Commercial Applications: The technology can be utilized in industries such as autonomous transportation, industrial automation, and virtual assistants to optimize decision-making processes and enhance overall system performance.

Prior Art: Researchers can explore existing literature on neural network-based agent control systems and attention mechanisms in machine learning to further understand the background of this innovation.

Frequently Updated Research: Stay updated on advancements in neural network architectures, attention mechanisms, and reinforcement learning techniques to enhance the capabilities of agent control systems.

Questions about Agent Control Systems: 1. How does this technology improve the decision-making process of autonomous agents? 2. What are the potential limitations of using neural networks for agent control in dynamic environments?
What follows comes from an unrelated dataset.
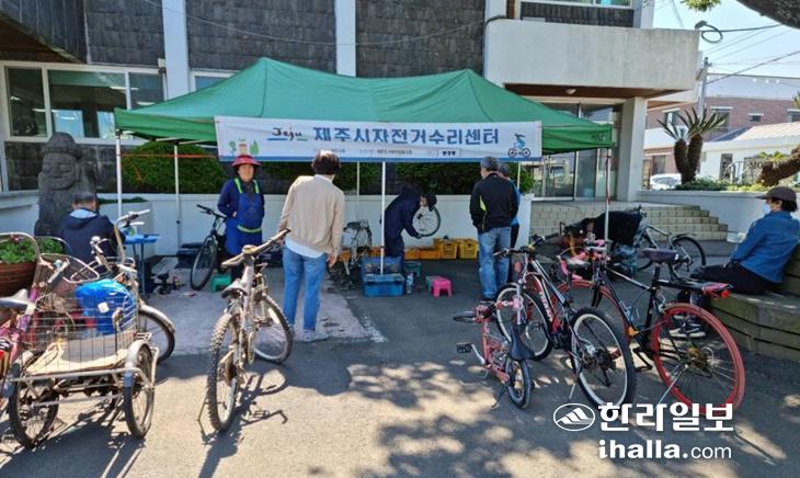 지난해 찾아가는 자전거 이동 수리센터 운영 장면. 제주시 제공

Original Abstract Submitted

methods, systems, and apparatus, including computer programs encoded on computer storage media, for controlling an agent. one of the methods includes receiving a current observation characterizing a current state of the environment as of the time step; generating an embedding of the current observation; processing scene memory data comprising embeddings of prior observations received at prior time steps using an encoder neural network, wherein the encoder neural network is configured to apply an encoder self-attention mechanism to the scene memory data to generate an encoded representation of the scene memory data; processing the encoded representation of the scene memory data and the embedding of the current observation using a decoder neural network to generate an action selection output; and causing the agent to perform the selected action.